Those in the static condition acknowledged that the way in which information was presented to them on-screen was similar to that of a ‘paper-and-pencil’ test (e.g. P3, P9). Interestingly, some participants in the static condition felt that the images accompanying the text were not always useful. Some noted that the images in the Power Plant and Groundwater Extraction units were the only beneficial ones as they were diagrams rather than pictures. Diagrams were highly valued by the participants in the static condition as they gave ‘the gist of what you're going to be working on’ (e.g. P9). Indeed, as indicated by more than half of the participants in the dynamic condition, static diagrams were so desirable in the CBE that these participants often created their own diagram by pausing the animation. P8 explained that pausing the videos in the dynamic condition (and thus, unintentionally creating a static stimulus) was a more efficient way for them to gather information when the videos were explaining diagrams.

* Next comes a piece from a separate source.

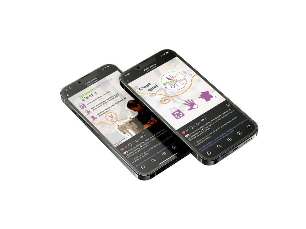Lors de mon stage chez l’atelier chantier d’insertion et association greencouture, Carole, directrice et fondatrice de l’ACI, m’avait évoqué le besoin de recréer des posts épinglés pour leur Instagram. Elle m’avait demandé de bien respecter la charte graphique de greencouture, et d’avoir une certaine cohérence avec les précédents post.

Identifying relevant information

In general, once participants had gained an understanding of the overall position and content of the test item’s elements, the process of identifying relevant information (i.e. any information that they believed would help them to complete the test item) began. Some appeared to have ‘transferred’ over from paper tests and others were specific to the testing environment or condition. Unsurprisingly, most participants admitted that they spent some time trying to recall what ‘they already knew from Science class’ about a particular topic (P7). Furthermore, those in the static condition attempted to find and match key words from the stimulus text and the question stem. Participants in this condition noted that this was a standard test-taking strategy that they felt comfortable using in an online environment. They did this consistently in every item, even for those items where the stimulus text was the same as the previous item.

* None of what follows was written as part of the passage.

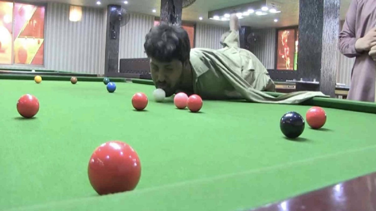 یک ورزشکار پاکستانی به دلیل قطع شدن دستانش، با دهان بیلیارد بازی میکند.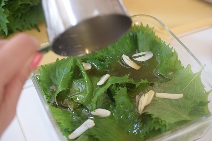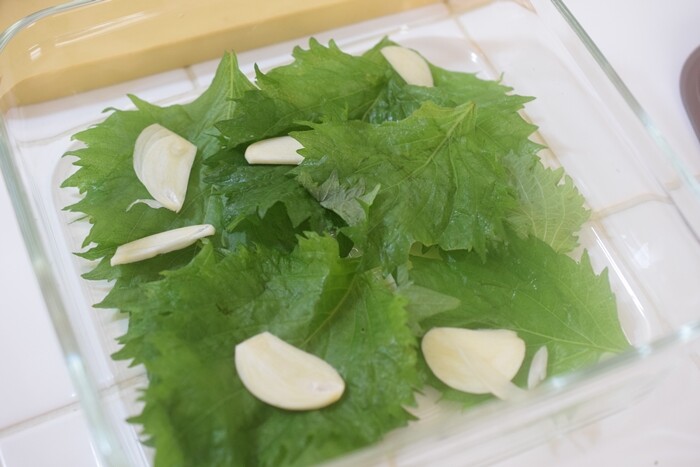 容器にシソを敷いて~ニンニクスライスをのせて~

I'm just trying to find a keyword that I can find in both the text and answer. I always do that in every question. P9

For those in the dynamic condition however, there was no opportunity to do this. Instead, these participants had to ‘listen out’ for the keywords in the audio narration. To speed up this process, all of the seven participants interviewed noted that they skipped through the video listening out for a key word or visual cue. For some, the use of videos as a presentation format was frustrating as ‘you don’t get the information immediately’ (P8). Others felt justified in not playing the video more than once in a unit as they ‘didn’t need all of it again’ (P8) or ‘remembered the content pretty well from the last two questions’ (P10). Although the videos often slowed down their search for relevant information, they did appear to provide other contextual information that students considered relevant. In attempting to determine which energy conversions occurred in the Power Plant unit, P5 said that they ‘remembered the lights lighting up’ in the video, thus making them more confident that at least one of the energy forms involved was electrical. Similarly, P8 highlighted that skipping to the end of the video allowed them to watch how ‘the electricity came on after the water made the turbine move’. This gave them the information they needed to complete one of the test items. This animated representation of energy conversions in the Power Plant unit may have allowed participants in the dynamic condition to more easily identify the relevant types of energy involved compared to those in the static condition.

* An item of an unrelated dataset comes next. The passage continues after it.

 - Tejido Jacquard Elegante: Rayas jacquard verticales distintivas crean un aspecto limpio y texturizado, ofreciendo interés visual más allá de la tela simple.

For the simulation-type items, some participants admitted to identifying in advance what areas of the simulation output they should attend to before running the simulation (e.g. P4, P5, P9). However, not all participants employed such a focussed approach, with others waiting until after the simulation had been run to look for the relevant information needed (e.g. P1, P6, P11). Participants had to sort through a large amount of information to identify the relevant information they needed to complete the simulation-type test. In attempting to identify this information, personal preferences seemed to play some role.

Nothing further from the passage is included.